June 23, 2022

ACS Statement in Response to Supreme Court Decision in New York State Rifle & Pistol Association v. Bruen


FOR IMMEDIATE RELEASE

Contact: Pablo Willis, pwillis@acslaw.org 

Washington, DC — The Supreme Court issued a final decision today in New York State Rifle & Pistol Association v. Bruen, striking down a 108-year-old NY state law that placed sensible limits on who can be licensed to carry a handgun in public and making the United States a gravely less safe place to live in the process. The decision’s holding that “the Second and Fourteenth Amendments protect an individual's right to carry a handgun for self-defense outside the home,” has the potential to be abused and mischaracterized by right-wing judges and opponents of gun violence prevention to chill future local, state, and federal efforts to pass common sense gun regulations. The Court’s conservative supermajority substituted its own partisan preferences for the popular will of the residents of New York and the judgment of their lawmakers.

The supermajority betrays a core weakness of originalism by relying on its own reading of history—and dismissing much of the historical evidence offered by New York State—to undermine gun safety legislation, ignoring completely the prevalence and lethality of gun violence today. This is particularly galling given that the decision was handed down just a few months after a handgun was used in a mass shooting on a Brooklyn subway train and mere weeks after this country witnessed horrific mass shootings in Buffalo and Uvalde that cry out for gun safety measures.

“We are in the midst of a lethal gun epidemic in this country.

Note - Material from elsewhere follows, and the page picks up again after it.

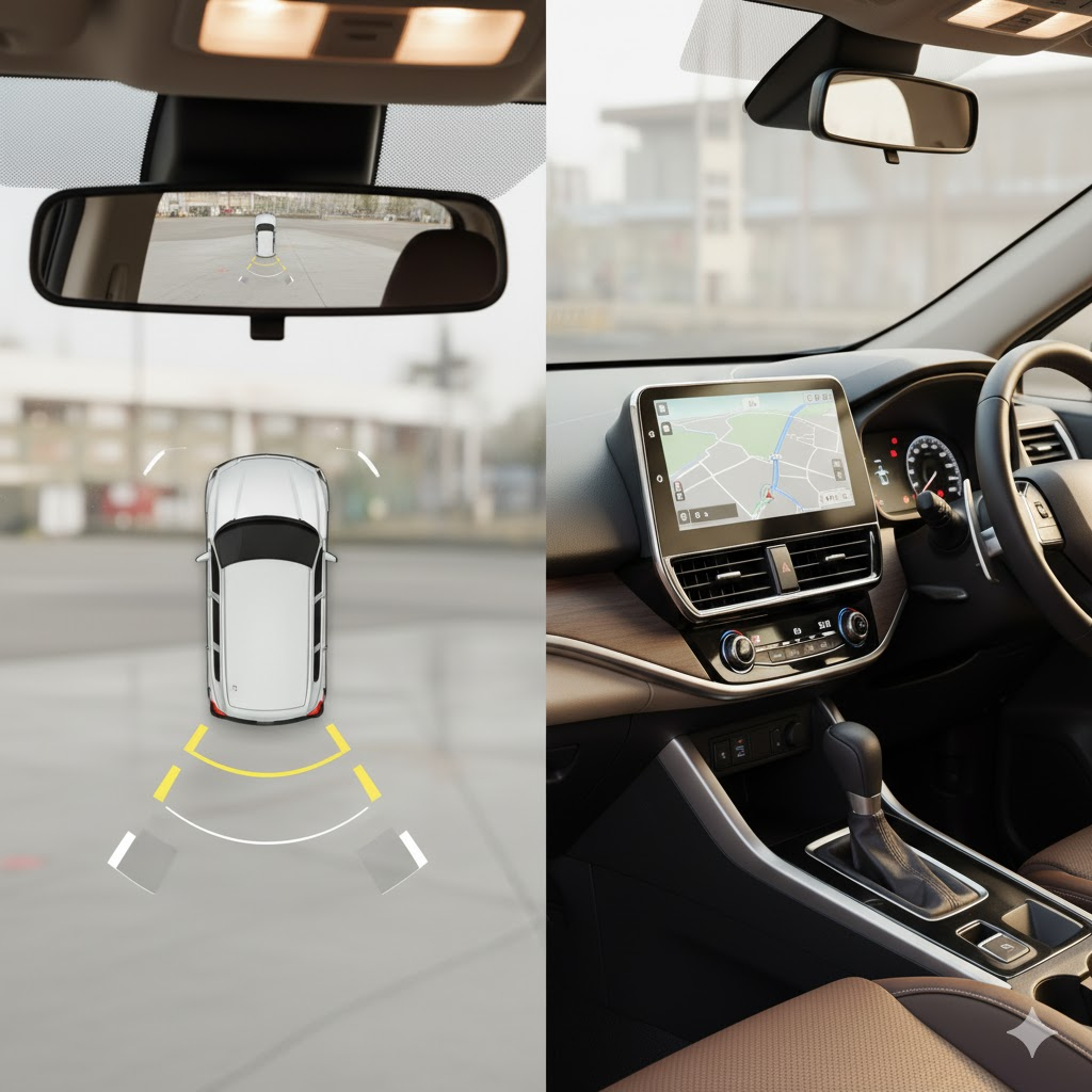 - Sensor Parkir dan Kamera Belakang: memudahkan parkir di area sempit.

As we saw in Uvalde, it is easier for an 18-year old to buy a gun than to get a driver’s license. And, despite what gun proponents have been saying for years—including during oral arguments in this case—this country has amassed a tragic trove of data in recent decades proving that ‘good guys with guns’ do not decrease the likelihood or lethality of mass shootings. Today, our highest court thumbed its nose at this epidemic, opting to make it harder for states to address gun violence with common sense gun safety regulations,” said Russ Feingold, ACS President. “The conservative packed Court distorted history and embraced an interpretation of the law far outside the mainstream of legal thinking in an attempt to justify its extremist decision. This is the majority using its unchecked power to advance a strictly partisan agenda, at the dangerous expense of public safety. The Court’s actions beg for reform.”

“It is no coincidence that the Court decided to take up this case now, more than a decade after Heller,” said Zinelle October, ACS Executive Vice President. “In 2017, the Supreme Court declined to hear a case challenging a similar California law. It was only after the Right packed the Court that the conservative supermajority decided to hear another Second Amendment challenge, confident that they had the votes for the extremist opinion released today. The Court continues to compound its existential legitimacy crisis and must be reformed, lest we wake up tomorrow and are unable to recognize the laws dictating our lives.”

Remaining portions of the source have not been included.